- **Exercise requirements**
Begin at the line that has "Yes I have spent", stop after the line that has "hesabatları - ƏTRAFLI", and print exactly those lines from the records below, without any pictures.

- **Working data**
========================
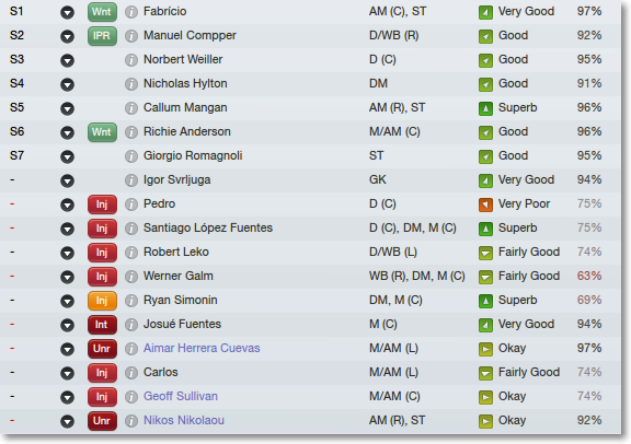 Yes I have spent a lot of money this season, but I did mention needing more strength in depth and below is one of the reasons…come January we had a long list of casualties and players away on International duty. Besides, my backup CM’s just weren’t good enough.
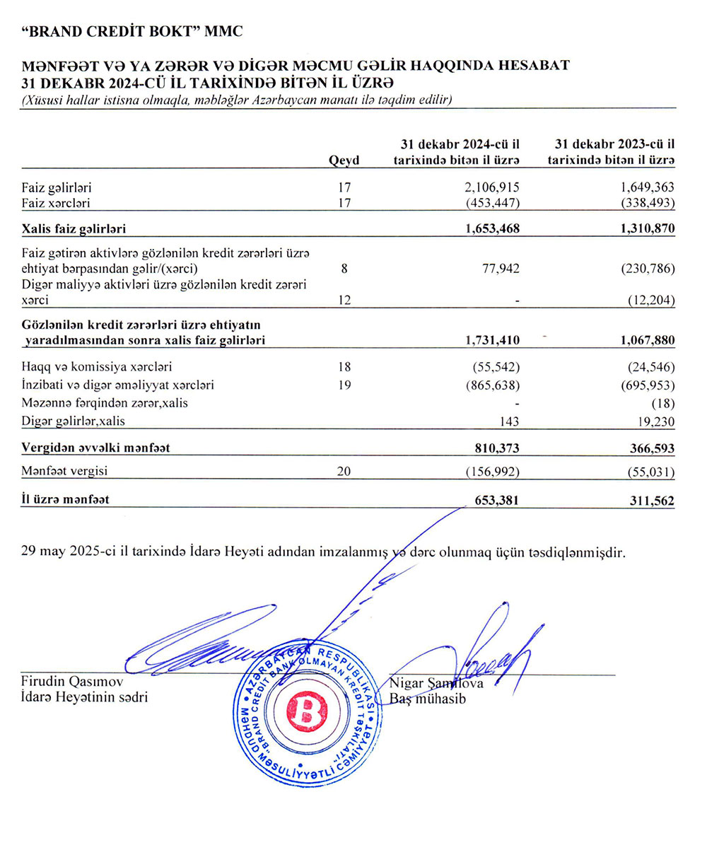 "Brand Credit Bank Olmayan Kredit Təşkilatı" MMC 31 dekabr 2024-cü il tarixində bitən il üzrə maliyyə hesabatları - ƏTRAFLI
========================
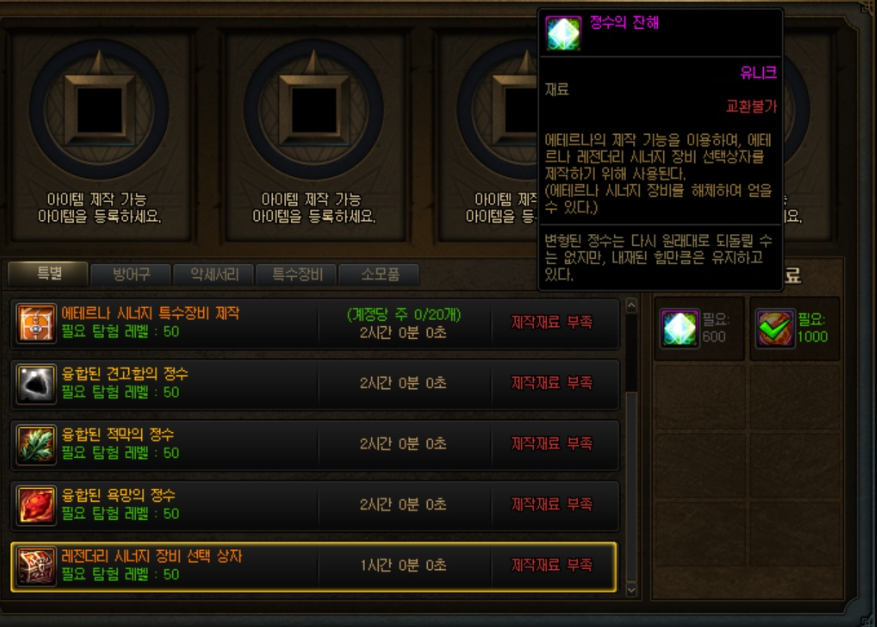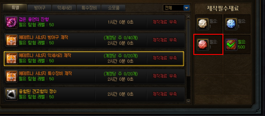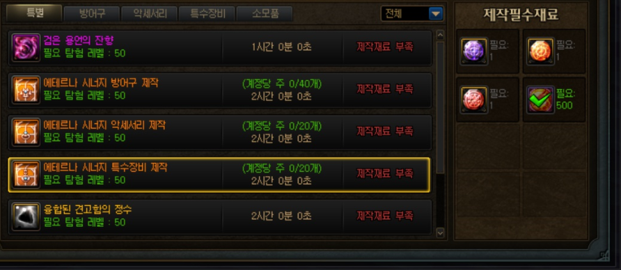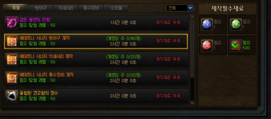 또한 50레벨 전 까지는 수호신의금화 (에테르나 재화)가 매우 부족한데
========================
- **Solved problem**
 Yes I have spent a lot of money this season, but I did mention needing more strength in depth and below is one of the reasons…come January we had a long list of casualties and players away on International duty. Besides, my backup CM’s just weren’t good enough.
 "Brand Credit Bank Olmayan Kredit Təşkilatı" MMC 31 dekabr 2024-cü il tarixində bitən il üzrə maliyyə hesabatları - ƏTRAFLI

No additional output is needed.